The current agent-tooling ecosystem is converging on the same operating needs:

- dmux, Orca, and Superset emphasize isolated worktrees plus one place to see
  agent state and merge/review work.
- Claude HUD makes context, tool activity, agent activity, and todo progress
  visible inside the coding loop.
- Autocontext records every run as durable traces, reports, artifacts, and
  reusable improvements.
- Meta-Harness treats the harness itself as something to evaluate and improve,
  which requires clean logs of proposer behavior and outcomes.
- Zed and OpenCode emphasize agent control surfaces, reviewable changes, and
  harness-specific configuration that should still preserve portable project
  knowledge.

ECC's answer is not a hosted analytics dependency by default. The first
release-candidate gate is local and file-backed.
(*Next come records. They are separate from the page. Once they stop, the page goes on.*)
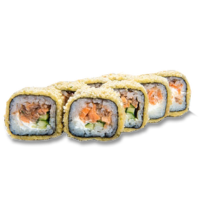 рис, норі, лосось, огірок, крем-сир, темпура, панко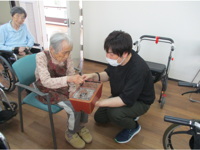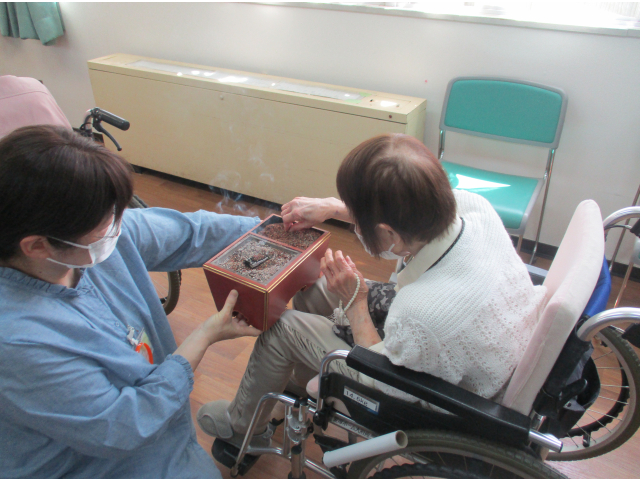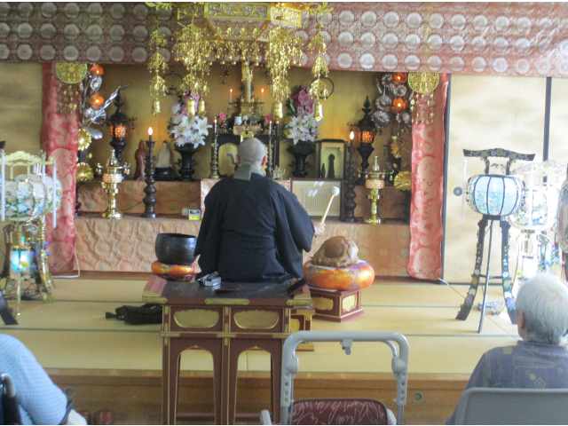 5月20日(火)10時から、大府市にある賢聖院のご住職をお招きして、5月の月例祭を行いました。 お経をあげていただき、職員・ご利用者様が順番にお焼香しました。 最後に、昨今の米価格の高騰にも触れながら、ご住職が身に着けているお袈裟について、いろいろな方からいただいた布を縫い合わせているものもあり、非常にありがたいもので、ご利益がありますようにというありがたいお言葉をいただきました。
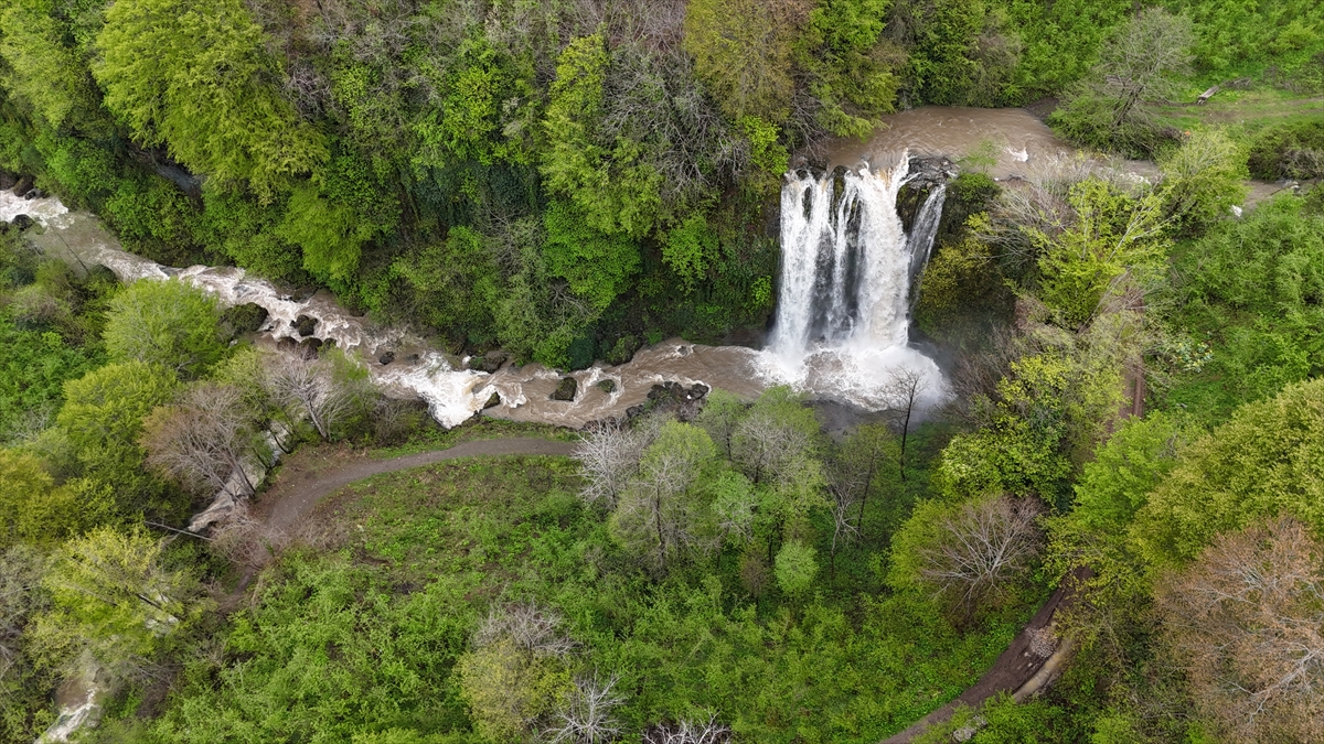 Yağış sonrası debisi yükselen şelale dronla görüntülendi.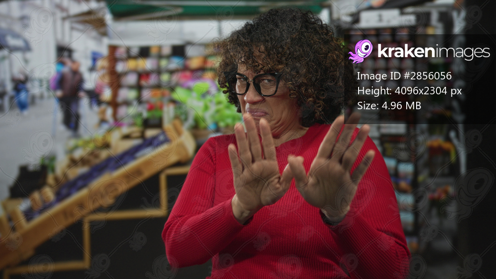 Hispanic middle aged woman pushes palms forward amid bustling street flower market stalls; refusal disgust.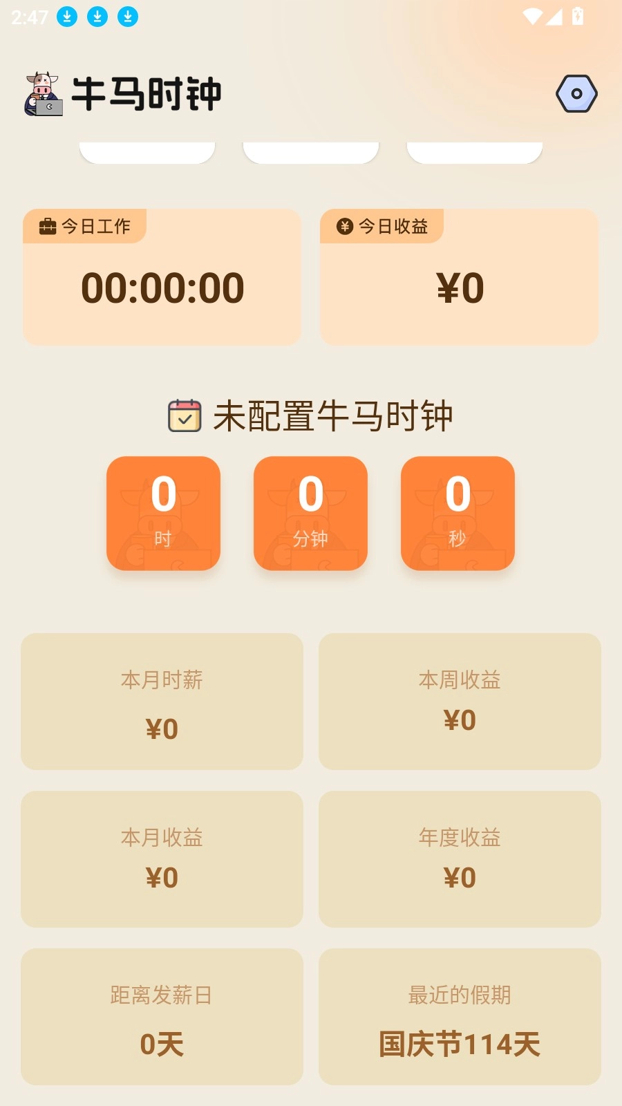 牛马计时器具备一键计算功能,操作十分便捷,只需输入详细的薪资与工作时长,就能迅速得到精准的数据。借助它,您可以实时了解自己的分钟收入情况。其页面设计简约美观,还能查看当前时间,方便您掌握自身的工作时长。打工人可通过牛马时钟安卓版快速计算自己的薪资。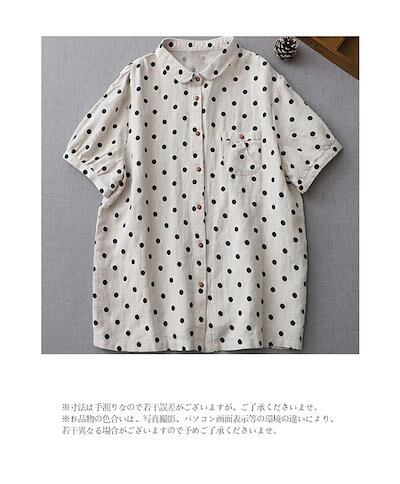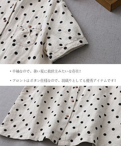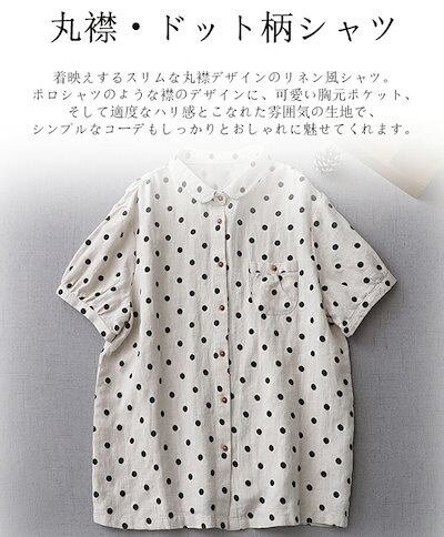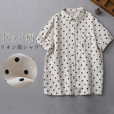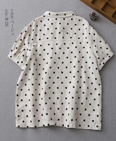 マルエリ リネン シャツ ブラウス 半袖 レディース 丸襟シャツ ドット柄 ゆったり 可愛い 襟付きシャツ 丸襟 前開き ボタン止め ドット柄シャツ ふんわり 通気性 ゆるシャツ トップス 体型カバー

Hosted telemetry can come
later, but only after the local event model is useful enough to trust.

## Operator Workflow

1. Run `npm run observability:ready`.
2. Run `npm run harness:audit -- --format json` for the broader harness
   scorecard.
3. Run `node scripts/loop-status.js --json --write-dir .ecc/loop-status`
   during longer autonomous batches.
4. Run `node scripts/session-inspect.js --list-adapters` to confirm which
   session surfaces are available.
5. Use ECC2 tool logs for risky operations, conflict analysis, and handoff
   review before increasing autonomy.

The end-state is practical: before asking ECC to run larger multi-agent loops,
the operator can prove the system has live status, durable session traces,
baseline scorecards, and a local risk ledger.